The example below shows that both .formulas.api and .api will require a user-added column vector of 1s if not using R-style string formulas.
# Generate some relational data
np.random.seed(123)
nobs = 25
x = np.random.random((nobs, 2))
x_with_ones = sm.add_constant(x, prepend=False)
beta = [.1, .5, 1]
e = np.random.random(nobs)
y = np.dot(x_with_ones, beta) + e
Now throw x and y into Excel and run Data>Data Analysis>Regression, making sure "Constant is zero" is unchecked. You'll get the following coefficients:
Intercept 1.497761024
X Variable 1 0.012073045
X Variable 2 0.623936056
Now, try running this regression on x, not x_with_ones, in either statsmodels.formula.api or statsmodels.api with hasconst set to None, True, or False. You'll see that in each of those 6 scenarios, there is no intercept returned. (There are only 2 parameters.)
import statsmodels.formula.api as smf
import statsmodels.api as sm
print('smf models')
print('-' * 10)
for hc in [None, True, False]:
model = smf.OLS(endog=y, exog=x, hasconst=hc).fit()
print(model.params)
# smf models
# ----------
# [ 1.46852293 1.8558273 ]
# [ 1.46852293 1.8558273 ]
# [ 1.46852293 1.8558273 ]
Now running things correctly with a column vector of 1.0s added to x. You can use smf here but it's really not necessary if you're not using formulas.
print('sm models')
print('-' * 10)
for hc in [None, True, False]:
model = sm.OLS(endog=y, exog=x_with_ones, hasconst=hc).fit()
print(model.params)
# sm models
# ----------
# [ 0.01207304 0.62393606 1.49776102]
# [ 0.01207304 0.62393606 1.49776102]
# [ 0.01207304 0.62393606 1.49776102]
The difference is due to the presence of intercept or not:
in statsmodels.formula.api, similarly to the R approach, a constant is automatically added to your data and an intercept in fitted
in statsmodels.api, you have to add a constant yourself (see the documentation here). Try using add_constant from statsmodels.api
x1 = sm.add_constant(x1)
I had a similar issue with the Logit function.
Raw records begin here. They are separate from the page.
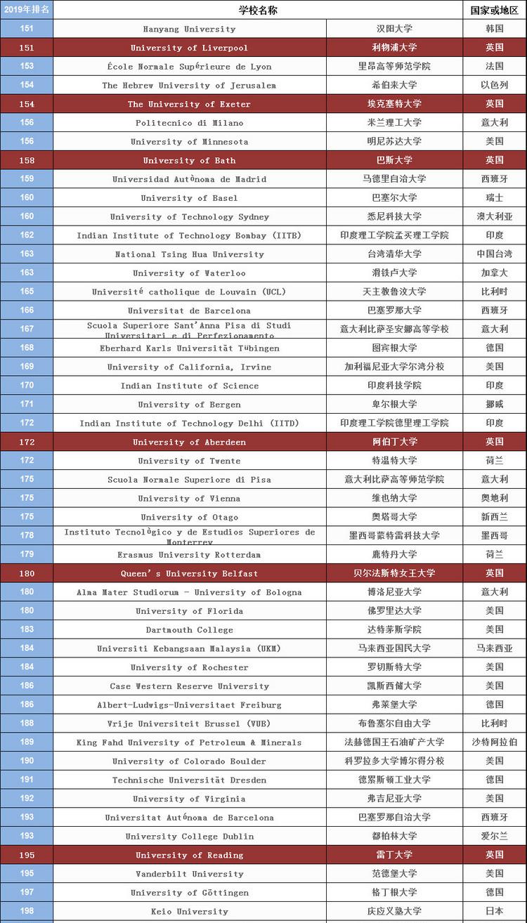 【精华】2019年最新QS世界大学排名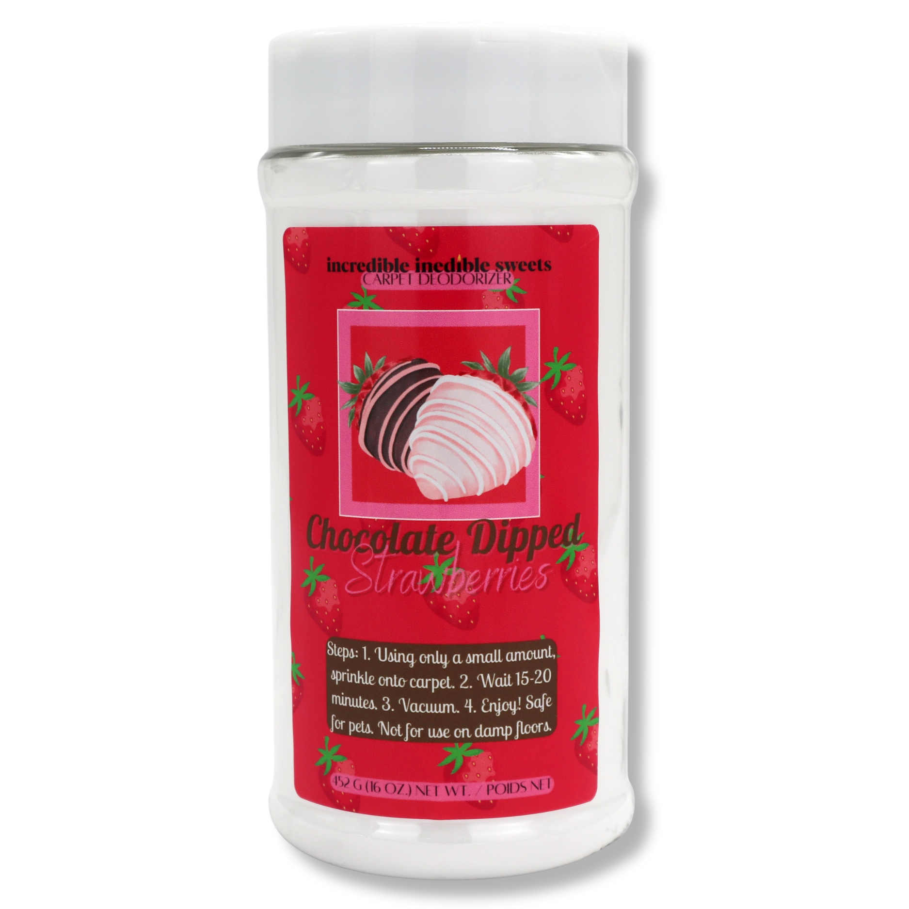 Transform your home with the Year Round Collection Carpet Deodorizers by incredible inedible sweets. These ultra concentrated gourmand scents offer a delightful way to freshen your carpets. Simply sprinkle, wait, and vacuum for days of dessert scented goodness! Available in 16 ounce bottles, these deodorizers are perfect for any space.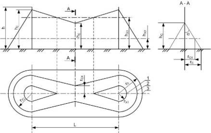 Зона защиты двойного стержневого молниеотвода с указанием размеров приведена на рисунке 4.5.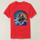 I give wanted to give this a 4 instead of a 5 because these Basic DARK T0shirts run unexpectedly SLIM or Narrow. Which is great if you do not have a potbelly, but I have a paunch. It isn't the shirt's fault that I've got a beer belly. The design and shirt itself is a quality cotton shirt. The color is more of a deep purple, but still a very pretty color. The Basic DARK T-shirts run a bit SLIMMER than the Basic Ts. The neck is a fraction narrower (or seems to be narrower) also. I'm a paunchy middle-aged woman and my neck is 12 inches (31cm) thick and the neckline fell about the same as in the photo of the man, and I had the desire to tug it a bit. So if you're a thick necked man or like loose shirts, be aware these are slimmer shirts. Once I get rid of my lockdown paunch it'll look great. The shirt washed well in cold water with no apparent bleeding. We don't have a dryer, so it hung dry. Did not shrink. Love the colors and the design. The design looks smaller on my shirt than it does on the model on-line. But still, it looks good on the shirt. The printing looks as it does on the model, just the size seems fractionally smaller. Washed garment in cold water, hung dry and design appeared unaffected.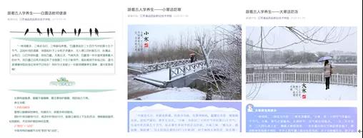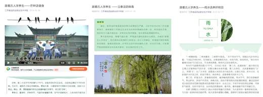 《跟着古人学养生》专栏的推文都是层层把关,多次修改完善后推出的。文章素材选择方面,遵循时间原则,以二十四节气为时间节点,以中医学专业知识为基础,选择与师生关系密切、关注度高的文章素材。文章标题制作上,标题与文意相符,题文统一,长短适当,准确、具体、生动。文本内容的撰写,采用短句子,短段落写作结构,便于读者利用碎片化时间阅读。策划、撰稿、编辑人员不但有较高的专业素养,熟悉文字编辑、图片处理、视频制作等基本业务,同时也具备较高的思想政治觉悟,明确自身的责任和使命。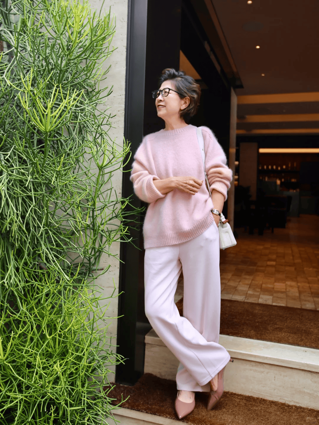 粉色系从来就不是少女的专属,选择低饱和度的浅粉色毛衣,搭配裸粉色针织阔腿裤,温柔到骨子里的优雅感,是对大龄女性最好的诠释,再搭配一只精致的米色挎包,提升造型的精致度,超级适合春日的穿搭。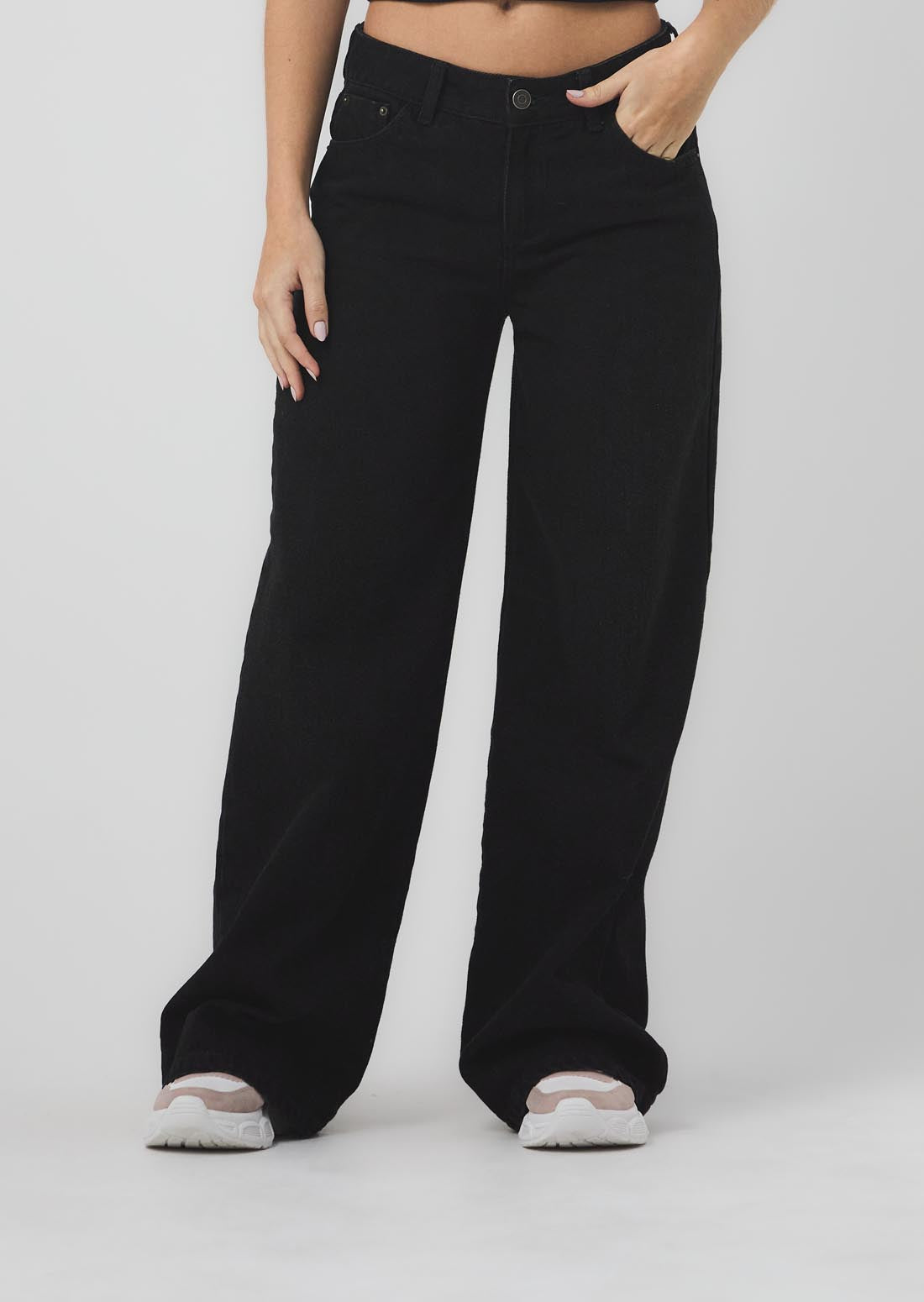 Jean retromom, tiro bajo, lavado negro, fondo entero y bota recta para jóvenes.
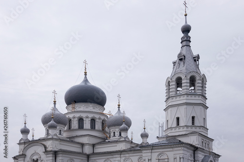© Oksana, Obraz premium Christian orthodox white church with silver and grey domes with gold crosses. Calm grey sky above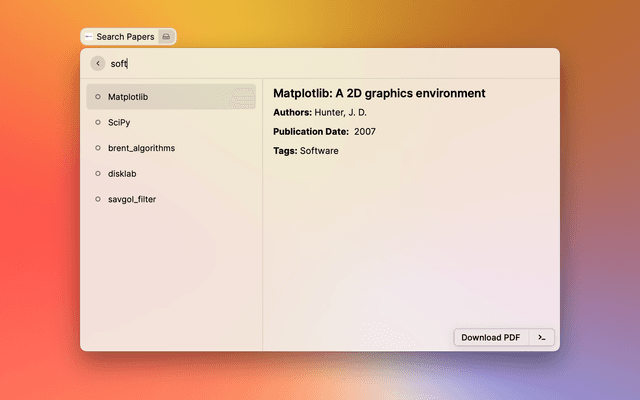 Extension for quickly accessing your bibmanager database from Raycast. Search the database (by bibkey, author, title, year or tags) and quickly access entries by opening or downloading the pdf. You can also open or copy the ADS link and copy the bibtex entry. Make sure to explore available actions in the action panel (⌘ + K).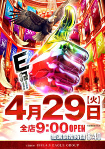 【4/29】DOKO行く?まとめ(小さな巨人) DOKO行く? 2025.04.28 イーグル北郷店(周年) CUBE(周年) イーグル 北41条店 HAPPY 南6条店 麻生店 栄町店 厚別店 厚別通店 西町店 マルハン 苗穂店 アーリーバード藻岩店(トレンドタイム) メガエムズ1(アスカ来店) おわりに 「9」の付く日。イーグルの特定日。周年がイーグル北郷とCUBE。CUBEはわかりませんが、昨年のイーグル北郷はかなり頑張っていたと思います。一応は、「周年×創業×特定日」のアツイ日なんですよね。 小さな巨人に今年も期待……!?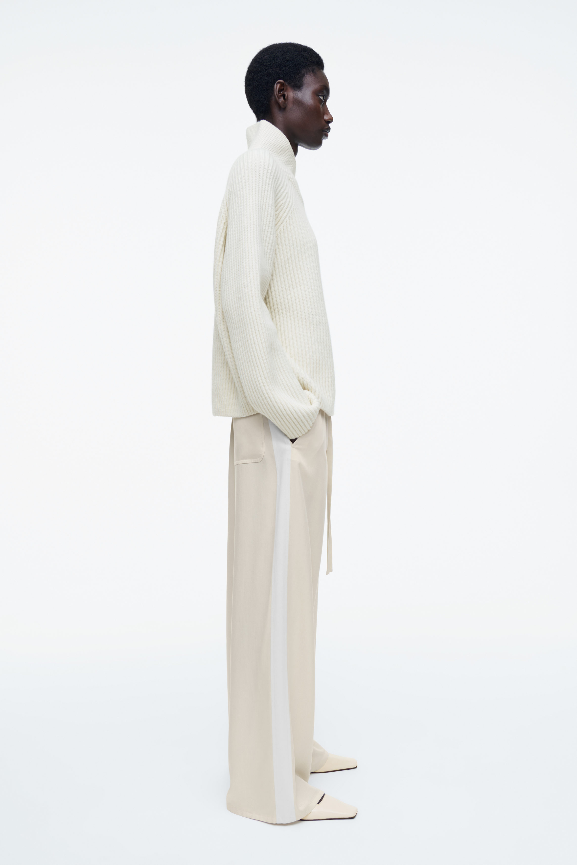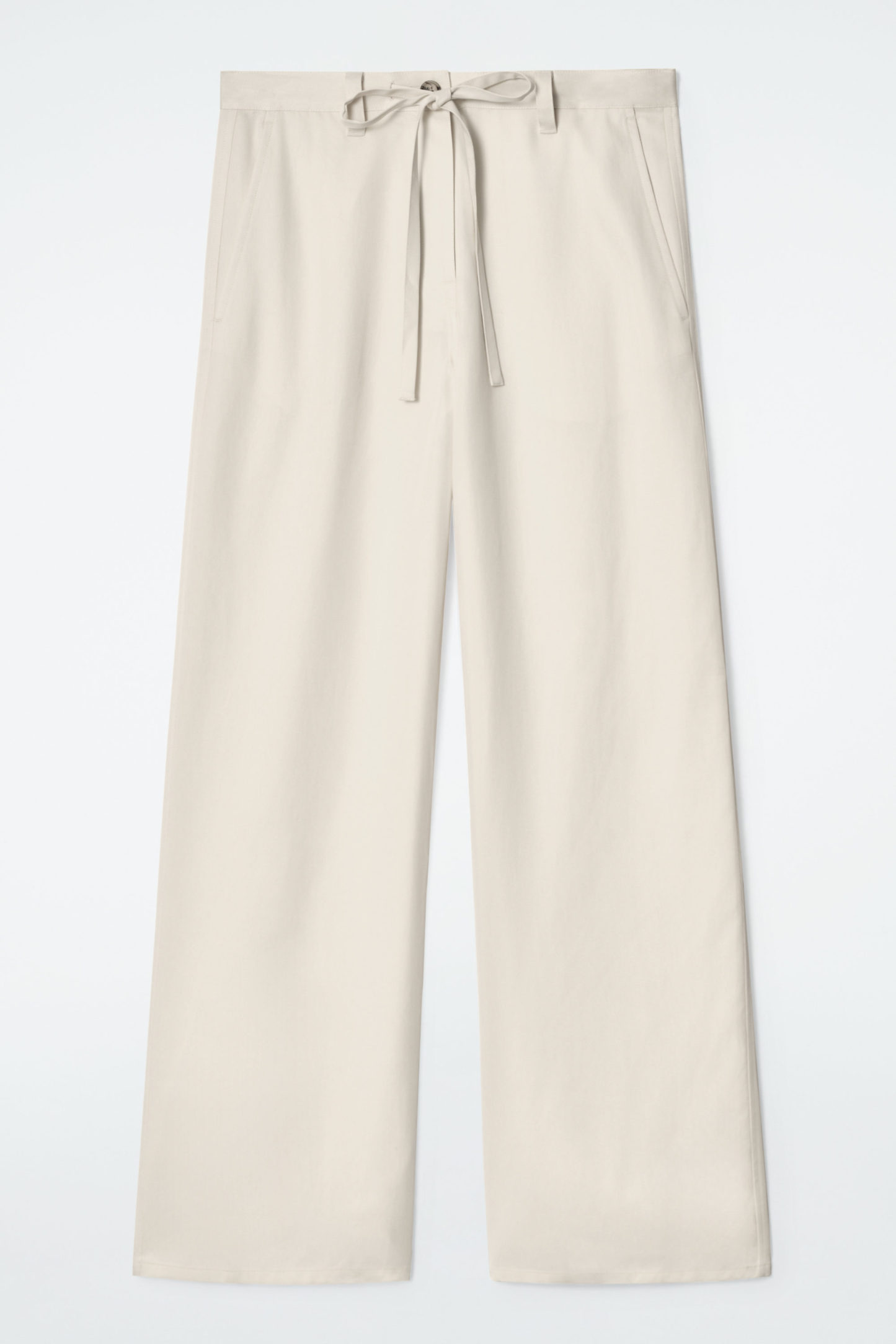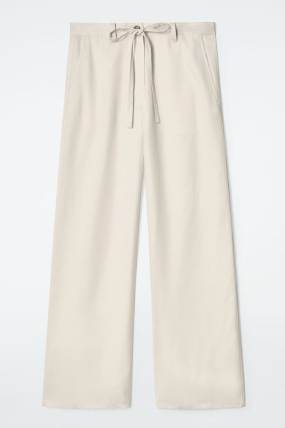 Dessa byxor med vida ben genomsyras av tidlös charm och är lätta att styla med stickade plagg, enkla linnen och resen av din garderob. De har en ledig silhuett med dragsko i midjan och diskreta fickor.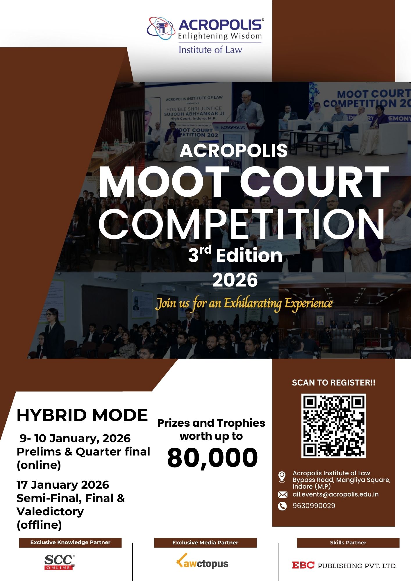 In the field of professional Education based at Indore at central Part of India. Established in the Year of 2005, we are among the top institutes in Madhya Pradesh With 22000+ students actively studying in the field of Engineering, Management, Computers Application, Pharmacy, Science, Commerce, Arts and Law. The Acropolis Institute of Law is Approved by the Bar Council of India and Affiliated to Devi Ahilya Vishwavidyalaya, Indore M.P. Since the inception we have been focusing on quality education to the students with the support of qualified and expedial learning Law Program Aims to add new dimensions in legal education and to provide an environment for innovation in the legal field. In the Alignment of our vision Acropolis Moot Court Committee has Announced 3rd Edition of Acropolis Moot Court Competition, 2026
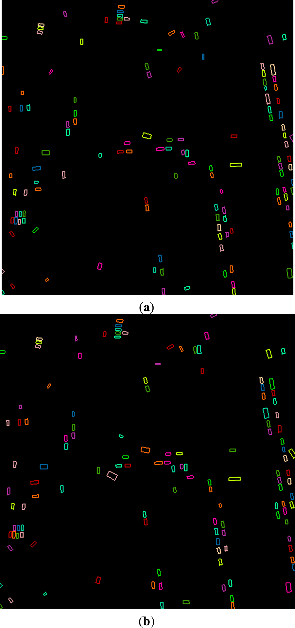 To evaluate the performance of our approach, three measures, including completeness, correctness and quality, are used. Correctness is TP/TP + FP, completeness is TP/TP + FN and quality is TP/TP + FP + FN; where TP is the sum of true positives, FP is the sum of false positives and FN is the sum of false negatives [29]. Moreover, the ground truth data are acquired by manual interpretation of both the original and the filleted point cloud, as shown in Figure 6a. Particularly, there are 136 reference vehicles in the scene.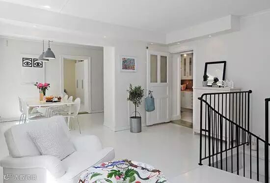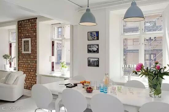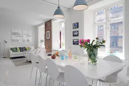 餐桌也是一系列的白,与白色的墙面和地板形成白色的主题。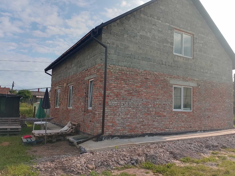 Новобудова,проведені комунікації світло,газ,вода каналізація септик.Будинок в середині пощикатурений,світло все розведене розетки та вимикачі встановлені.Встановлені двох камерні металопластикові вікна.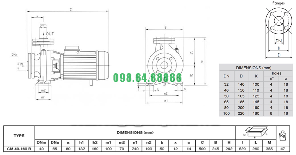 Kích thước bơm li tâm trục ngang đường thoát 40 mm model CM40-160B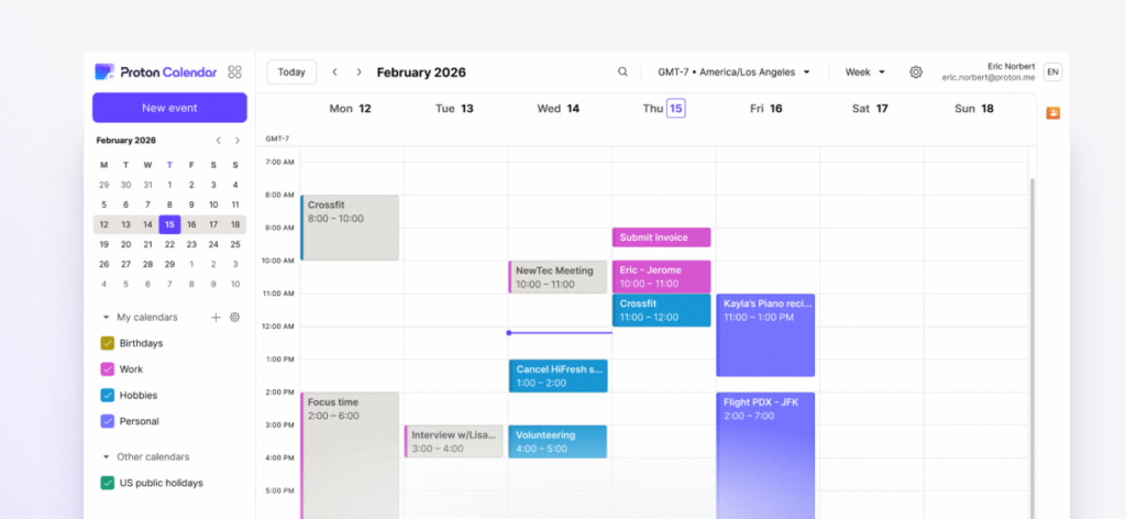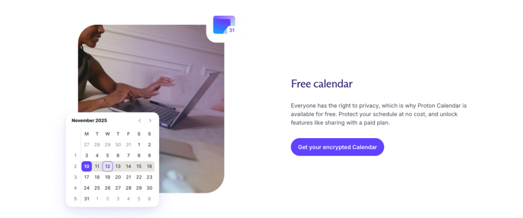 Proton Calendar er en kalenderapp med fokus på privatliv og sikkerhed. Alting i begivenhederne – Titel, beskrivelser og deltagere – Er krypteret end-to-end, så kun brugeren kan se indholdet. Ikke engang Proton har adgang.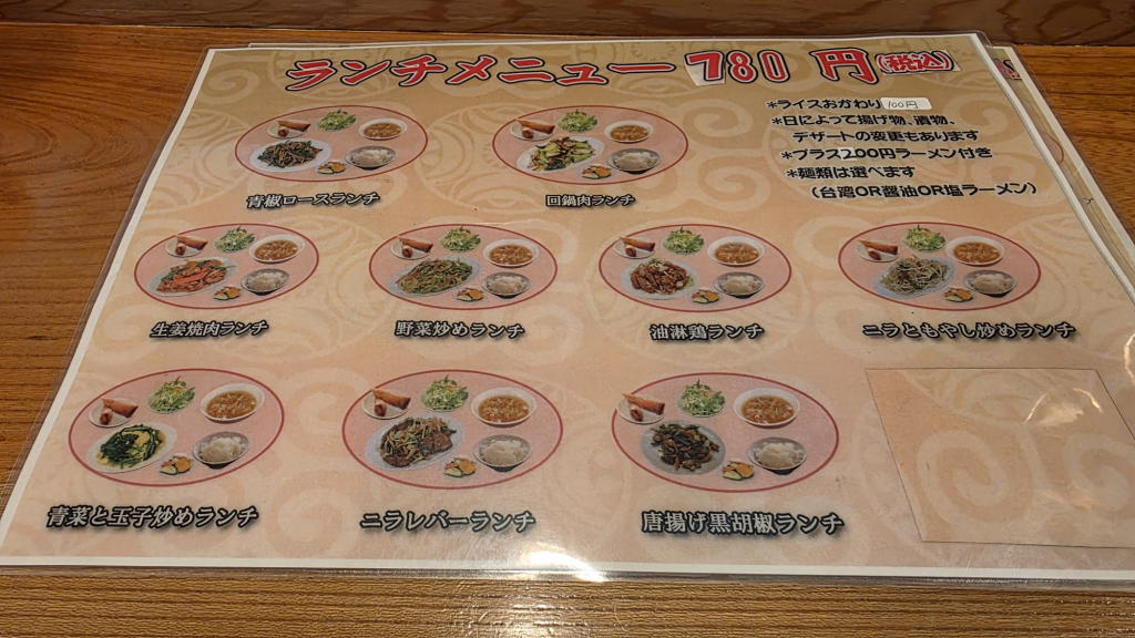 ランチメニューだけで17種類。値段はすべて780円(税込み)。この他にラーメンセットもある。

(I used patsy to create my matrices, so the intercept was there.)
My sm.logit was not converging.
My sm.formula.logit was converging however.
Data going in was exactly the same.
I changed the solver method to 'newton' and the sm.logit converged also.
Is it possible the two versions have different default solver methods.